Politically, the crisis eroded confidence in incumbent leaders and facilitated the rise of political figures advocating market-based reforms, including Ronald Reagan in the United States and Margaret Thatcher in the United Kingdom, while contributing to policy realignments in continental governments led by Helmut Kohl and Giovanni Spadolini. Social effects included strained labor relations, diminished real wages for working-class constituencies, increased income inequality analyzed by researchers following Simon Kuznets and later Thomas Piketty frameworks, and welfare-state retrenchment debates in parliaments such as the United Kingdom Parliament and the United States Congress. Urban unrest and electoral shifts in municipalities like Belfast, Liverpool, and Los Angeles reflected interplay between economic stagnation and political polarization.

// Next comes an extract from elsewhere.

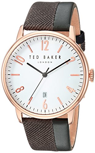 Laid-back does not have to mean boring or drab and this Ted Baker Daniel watch is proof for those who doubt it It is the perfect in-between a duo of dapper and down-to-earth It features a 42mm stainless steel case that makes for a dapper appearance right off the bat and creates a subtle contrast against the white dial that is perfectly pleasing to the eye The hands on the dial are black which contributes to the masculine elegance of the piece The sleek arabic numerals contribute to its classy feel as well However the combination of its band and minimalistic design is what makes this timepiece a mix of sharp and nonchalant Although the details are undoubtedly classy in the refined shade of black it is not too much class The band also plays a major role in keeping this timepiece grounded with its brown leather composition It has a water resistance of up to 50 meters 165 feet 5 atm and its dial is protected by a mineral crystal You do not have to worry about destroying this bad boy anytime soon The best part It uses a quartz movement so you are guaranteed some serious accuracy and precision from this time-keeper So whether you are watching a movie at home in the office working out at an upscale event or even going out with the boys you can be rest assured that this watch will last you as long as you need it to It is durable charmingly simple and polished all in oneFeature
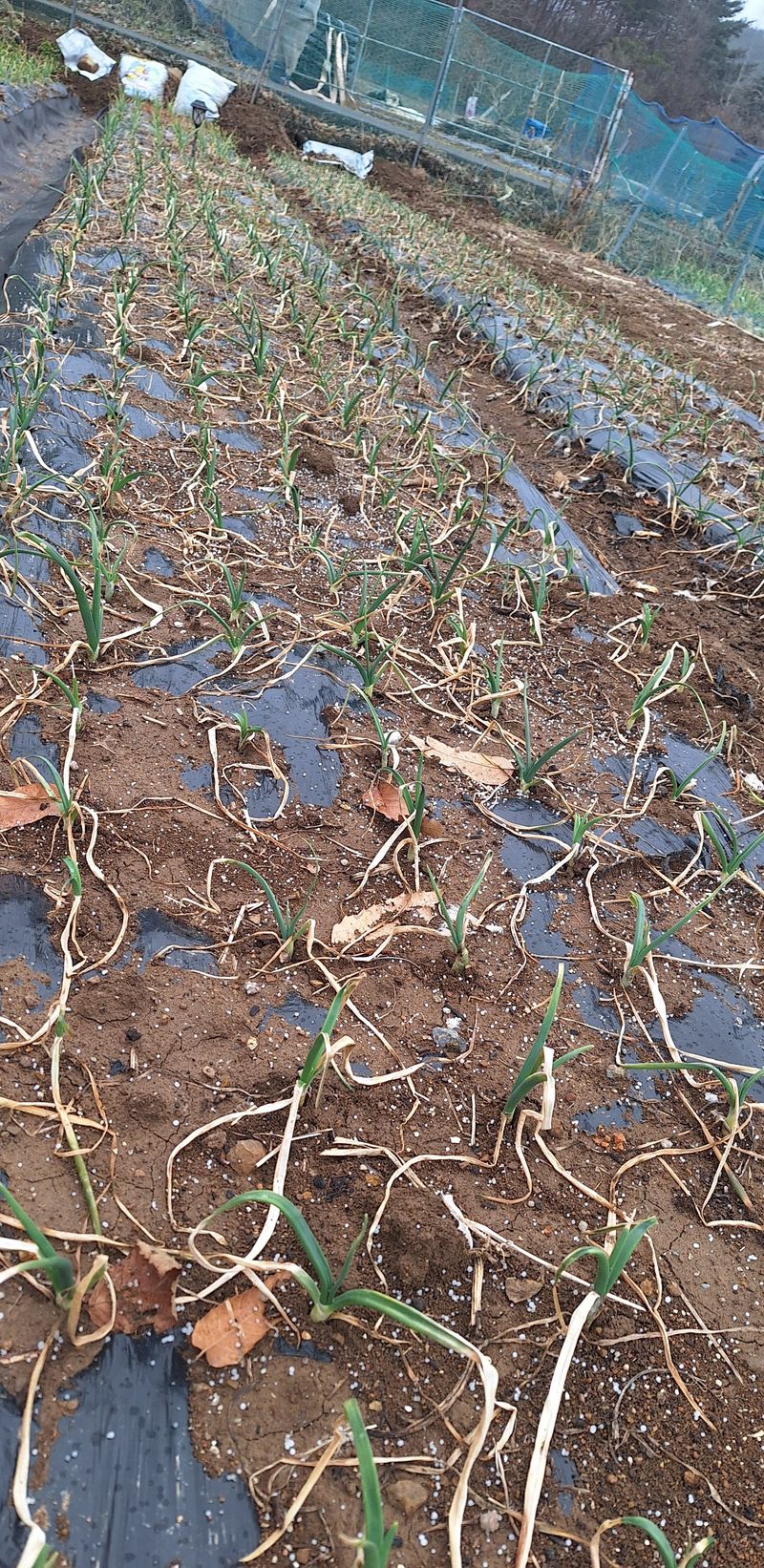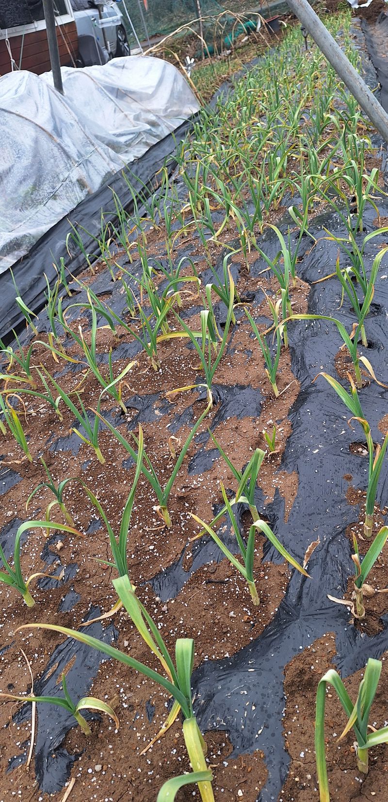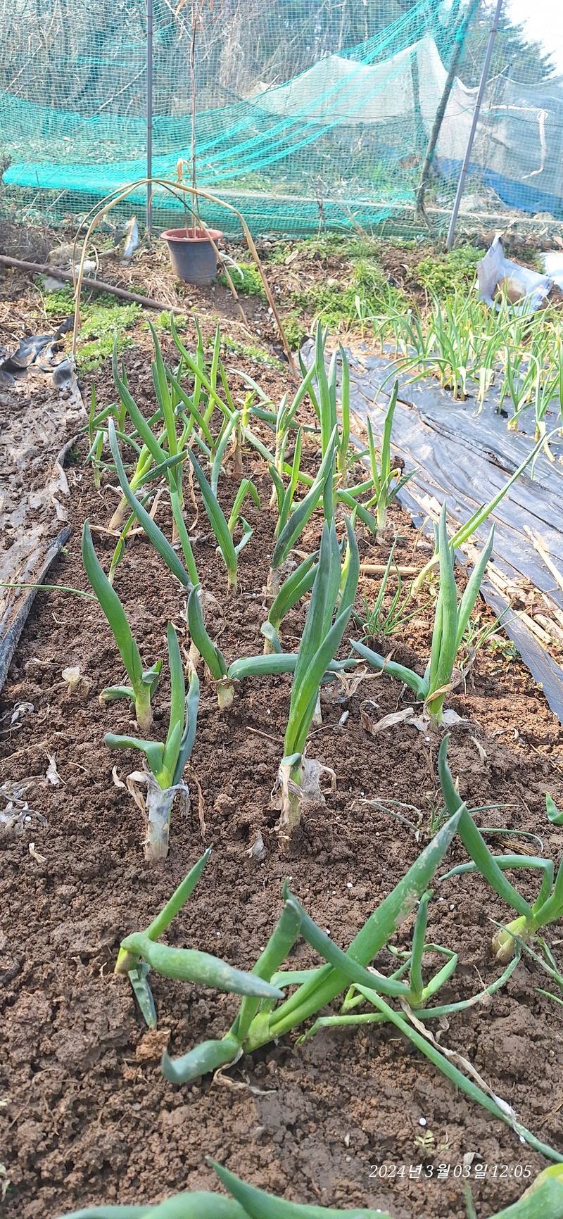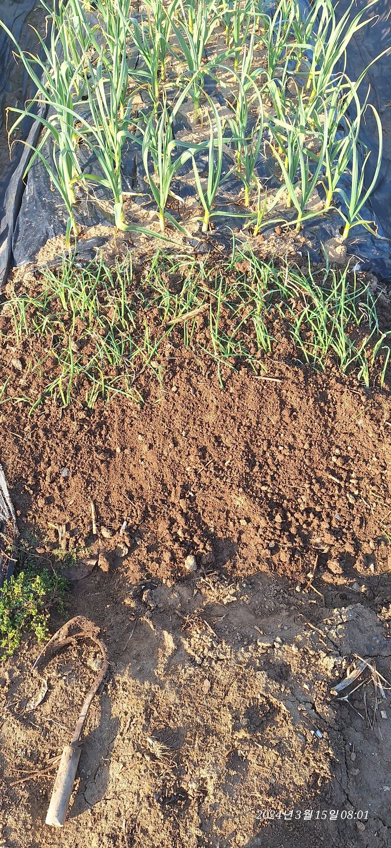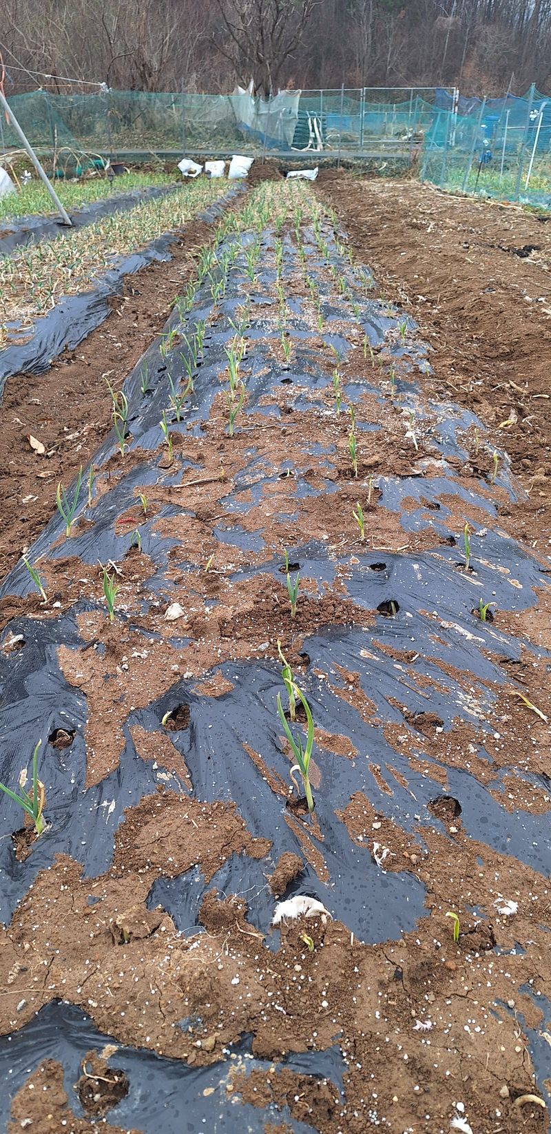 부직포 안 씌우고 겨울 난 난지형 마늘, 만생종 양파 1차 추비 뿌려줌 요소+복합비료 7:3비율 섞음 . 날씨 이슬비 내림

Historiography and Academic Debates

Scholarly debates pivot on causal primacy: monetarists favor interpretations emphasizing money-supply growth advanced by Milton Friedman and empirical work by Anna Schwartz, while Keynesian and structuralist scholars reference supply shocks and wage-setting institutions highlighted by analysts such as Nicholas Kaldor and Robert Solow. Institutionalists examine the role of central bank independence traced through histories of the Federal Reserve System and the Bundesbank, with comparative studies by historians of economic thought referencing schools associated with Chicago School and Cambridge School. Recent literature integrates political economy perspectives from authors like James A. Robinson and Acemoglu-affiliated research on institutions, and quantitative reassessments using datasets from the Organisation for Economic Co-operation and Development and the World Bank continue to refine estimates of output losses, distributional impacts, and the effectiveness of anti-inflationary strategies.